Nánási Michal, Vinař Tomáš, Brejová Broňa
Department of Computer Science, Faculty of Mathematics, Physics, and Informatics, Comenius University, Mlynská dolina, 842 48 Bratislava, Slovakia.
Algorithms Mol Biol. 2014 Mar 1;9(1):3. doi: 10.1186/1748-7188-9-3.
Short tandem repeats are ubiquitous in genomic sequences and due to their complex evolutionary history pose a challenge for sequence alignment tools.
To better account for the presence of tandem repeats in pairwise sequence alignments, we propose a simple tractable pair hidden Markov model that explicitly models their presence. Using the framework of gain functions, we design several optimization criteria for decoding this model and describe resulting decoding algorithms, ranging from the traditional Viterbi and posterior decoding to block-based decoding algorithms tailored to our model.
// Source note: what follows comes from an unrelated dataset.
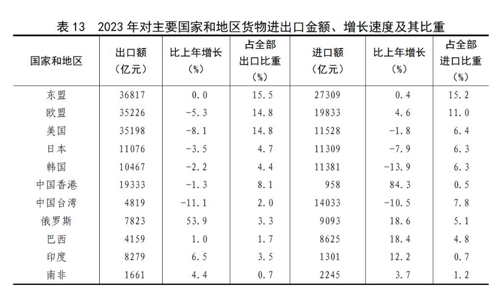全年貨物進出口總額417568億元,比上年增長0.2%。其中,出口237726億元,增長0.6%;進口179842億元,下降0.3%。貨物進出口順差57883億元,比上年增加1938億元。對共建“一帶一路”[46]國家進出口額194719億元,比上年增長2.8%。其中,出口107314億元,增長6.9%;進口87405億元,下降1.9%。對《區(qū)域全面經(jīng)濟伙伴關(guān)系協(xié)定》(RCEP)其他成員國[47]進出口額125967億元,比上年下降1.6%。民營企業(yè)進出口額223601億元,比上年增長6.3%,占進出口總額比重為53.5%。

We compare the accuracy of individual decoding algorithms on simulated and real data and find that our approach is superior to the classical three-state pair HMM.
Our study illustrates versatility of pair hidden Markov models coupled with appropriate decoding criteria as a modeling tool for capturing complex sequence features.
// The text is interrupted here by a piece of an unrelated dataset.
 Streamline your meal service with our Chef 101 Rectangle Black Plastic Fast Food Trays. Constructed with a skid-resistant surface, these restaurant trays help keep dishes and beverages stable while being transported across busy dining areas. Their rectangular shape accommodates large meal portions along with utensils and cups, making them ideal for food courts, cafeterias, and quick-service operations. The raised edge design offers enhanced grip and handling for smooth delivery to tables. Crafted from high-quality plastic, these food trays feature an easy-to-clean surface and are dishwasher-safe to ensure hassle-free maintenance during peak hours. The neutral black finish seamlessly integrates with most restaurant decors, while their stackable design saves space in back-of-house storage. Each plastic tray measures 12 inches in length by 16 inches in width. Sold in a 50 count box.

短串联重复序列在基因组序列中普遍存在,由于其复杂的进化历史,给序列比对工具带来了挑战。
为了在双序列比对中更好地考虑串联重复序列的存在,我们提出了一个简单易处理的配对隐马尔可夫模型,该模型明确地对其存在进行建模。利用增益函数框架,我们设计了几种用于解码此模型的优化标准,并描述了由此产生的解码算法,从传统的维特比解码和后验解码到针对我们模型定制的基于块的解码算法。我们在模拟数据和真实数据上比较了各个解码算法的准确性,发现我们的方法优于经典的三状态配对隐马尔可夫模型。
我们的研究说明了配对隐马尔可夫模型与适当的解码标准相结合作为捕获复杂序列特征的建模工具的通用性。